What is expected -
Beginning with the line of the entries below that holds "وإذا تأملت ذلك: وجدت" and ending with the line that holds "15-23 มกราคม 2567", transcribe each line exactly as written. Pictures stay out.

Dataset -
**********
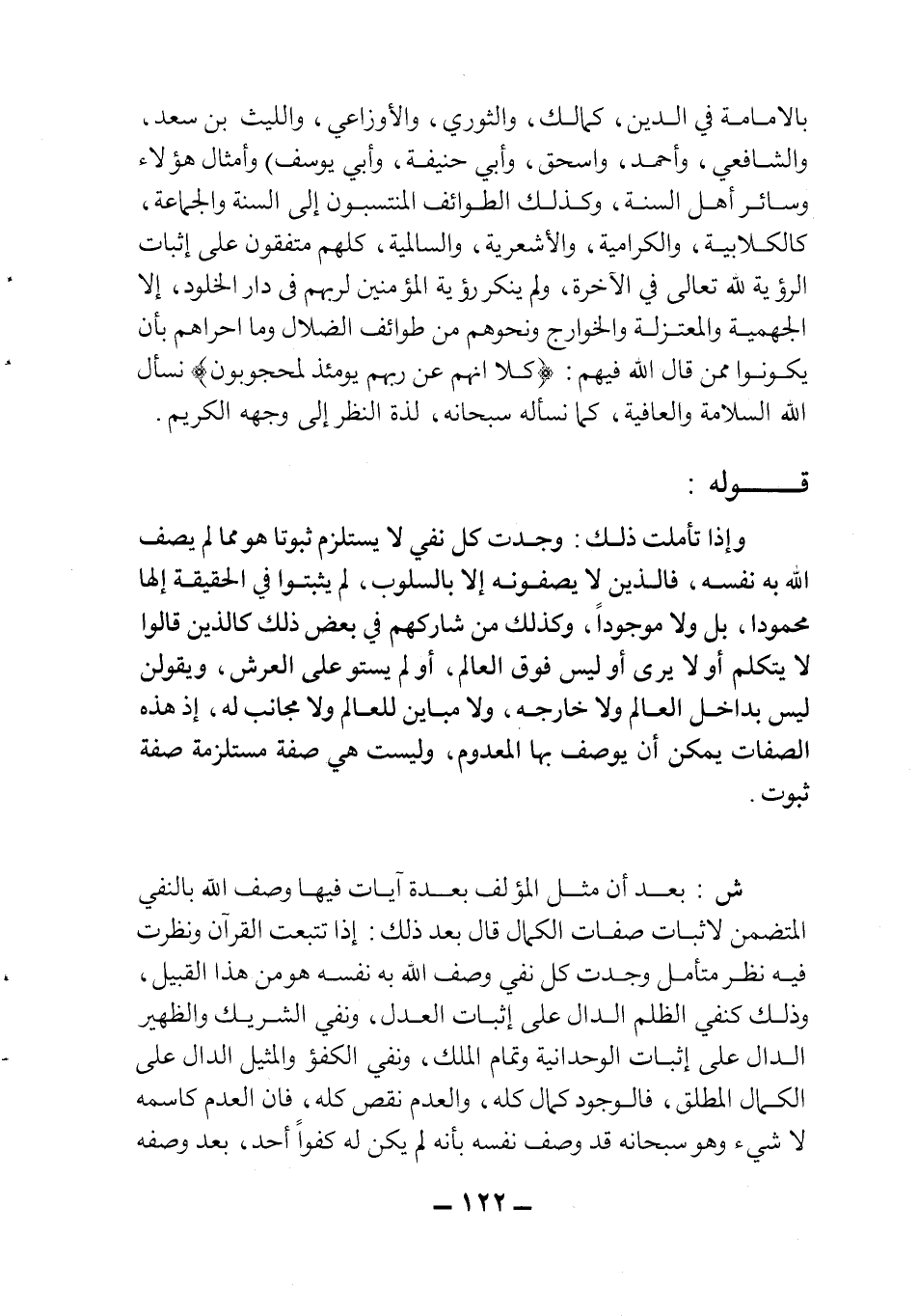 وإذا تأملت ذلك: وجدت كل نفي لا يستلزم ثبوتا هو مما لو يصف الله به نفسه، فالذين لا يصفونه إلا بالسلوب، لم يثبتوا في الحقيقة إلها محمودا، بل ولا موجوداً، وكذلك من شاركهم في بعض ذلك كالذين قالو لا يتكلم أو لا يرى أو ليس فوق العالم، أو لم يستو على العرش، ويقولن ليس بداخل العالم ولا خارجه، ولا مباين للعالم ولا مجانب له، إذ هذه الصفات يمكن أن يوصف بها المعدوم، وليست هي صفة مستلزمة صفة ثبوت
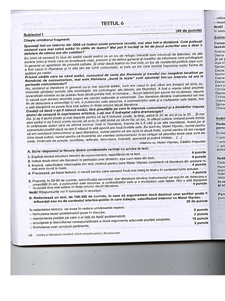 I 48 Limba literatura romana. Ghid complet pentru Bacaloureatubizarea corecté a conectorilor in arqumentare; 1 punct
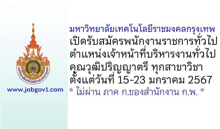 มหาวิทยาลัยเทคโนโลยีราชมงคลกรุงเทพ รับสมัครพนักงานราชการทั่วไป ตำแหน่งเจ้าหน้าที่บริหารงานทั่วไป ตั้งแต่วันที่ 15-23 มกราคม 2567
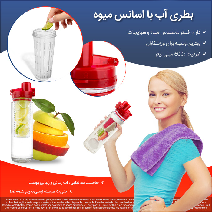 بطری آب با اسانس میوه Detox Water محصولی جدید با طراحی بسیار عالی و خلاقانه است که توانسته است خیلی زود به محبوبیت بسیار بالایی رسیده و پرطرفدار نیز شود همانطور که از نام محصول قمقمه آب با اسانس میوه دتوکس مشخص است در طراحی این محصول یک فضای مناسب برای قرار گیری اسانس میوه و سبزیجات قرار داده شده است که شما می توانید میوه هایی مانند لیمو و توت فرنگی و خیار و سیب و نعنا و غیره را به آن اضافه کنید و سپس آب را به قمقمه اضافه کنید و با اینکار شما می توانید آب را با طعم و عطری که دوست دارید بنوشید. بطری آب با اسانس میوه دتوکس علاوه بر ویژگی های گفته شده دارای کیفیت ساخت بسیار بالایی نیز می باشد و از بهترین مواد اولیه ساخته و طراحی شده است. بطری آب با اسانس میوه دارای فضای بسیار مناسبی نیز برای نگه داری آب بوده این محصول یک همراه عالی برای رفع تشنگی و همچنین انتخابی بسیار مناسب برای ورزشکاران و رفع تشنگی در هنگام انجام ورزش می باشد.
**********
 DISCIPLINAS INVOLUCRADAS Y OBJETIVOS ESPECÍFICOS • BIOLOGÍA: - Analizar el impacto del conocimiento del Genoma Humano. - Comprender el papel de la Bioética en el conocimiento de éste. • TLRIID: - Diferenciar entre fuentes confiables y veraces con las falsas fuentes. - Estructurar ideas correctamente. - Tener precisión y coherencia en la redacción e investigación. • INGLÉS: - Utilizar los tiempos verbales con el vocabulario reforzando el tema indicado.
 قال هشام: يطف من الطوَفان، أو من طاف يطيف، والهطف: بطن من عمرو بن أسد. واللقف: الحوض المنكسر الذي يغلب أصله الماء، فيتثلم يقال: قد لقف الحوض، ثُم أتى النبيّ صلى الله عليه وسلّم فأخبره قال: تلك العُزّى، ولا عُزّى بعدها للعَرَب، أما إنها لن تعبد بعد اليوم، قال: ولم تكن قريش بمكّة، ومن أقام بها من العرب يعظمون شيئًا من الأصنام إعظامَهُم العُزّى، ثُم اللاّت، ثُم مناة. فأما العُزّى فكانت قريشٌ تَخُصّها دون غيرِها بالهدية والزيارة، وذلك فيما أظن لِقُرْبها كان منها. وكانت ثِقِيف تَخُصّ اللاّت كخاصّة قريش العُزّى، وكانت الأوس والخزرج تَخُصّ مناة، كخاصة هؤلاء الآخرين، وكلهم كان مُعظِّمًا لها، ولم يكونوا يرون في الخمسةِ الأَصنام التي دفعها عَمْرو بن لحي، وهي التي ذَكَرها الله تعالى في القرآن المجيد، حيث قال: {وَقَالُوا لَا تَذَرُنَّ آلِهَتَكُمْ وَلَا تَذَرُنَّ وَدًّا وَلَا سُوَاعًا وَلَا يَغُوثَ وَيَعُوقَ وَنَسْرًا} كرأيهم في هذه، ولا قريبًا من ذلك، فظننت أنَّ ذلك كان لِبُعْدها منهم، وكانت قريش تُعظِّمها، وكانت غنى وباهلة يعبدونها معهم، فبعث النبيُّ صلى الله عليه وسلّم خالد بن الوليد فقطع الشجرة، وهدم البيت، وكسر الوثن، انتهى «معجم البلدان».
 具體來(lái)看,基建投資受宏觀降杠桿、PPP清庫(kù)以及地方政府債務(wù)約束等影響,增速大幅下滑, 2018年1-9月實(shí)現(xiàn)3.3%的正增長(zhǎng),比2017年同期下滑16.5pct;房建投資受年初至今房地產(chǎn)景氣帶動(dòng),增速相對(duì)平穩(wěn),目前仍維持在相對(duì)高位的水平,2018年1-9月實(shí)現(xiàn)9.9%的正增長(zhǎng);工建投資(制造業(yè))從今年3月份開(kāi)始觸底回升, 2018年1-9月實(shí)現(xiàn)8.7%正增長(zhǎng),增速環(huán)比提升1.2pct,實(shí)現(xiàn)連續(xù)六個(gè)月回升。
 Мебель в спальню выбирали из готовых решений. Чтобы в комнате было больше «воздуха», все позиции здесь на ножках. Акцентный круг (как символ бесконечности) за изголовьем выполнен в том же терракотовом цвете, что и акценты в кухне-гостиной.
**********
Solution to the exercise -
 وإذا تأملت ذلك: وجدت كل نفي لا يستلزم ثبوتا هو مما لو يصف الله به نفسه، فالذين لا يصفونه إلا بالسلوب، لم يثبتوا في الحقيقة إلها محمودا، بل ولا موجوداً، وكذلك من شاركهم في بعض ذلك كالذين قالو لا يتكلم أو لا يرى أو ليس فوق العالم، أو لم يستو على العرش، ويقولن ليس بداخل العالم ولا خارجه، ولا مباين للعالم ولا مجانب له، إذ هذه الصفات يمكن أن يوصف بها المعدوم، وليست هي صفة مستلزمة صفة ثبوت
 I 48 Limba literatura romana. Ghid complet pentru Bacaloureatubizarea corecté a conectorilor in arqumentare; 1 punct
 มหาวิทยาลัยเทคโนโลยีราชมงคลกรุงเทพ รับสมัครพนักงานราชการทั่วไป ตำแหน่งเจ้าหน้าที่บริหารงานทั่วไป ตั้งแต่วันที่ 15-23 มกราคม 2567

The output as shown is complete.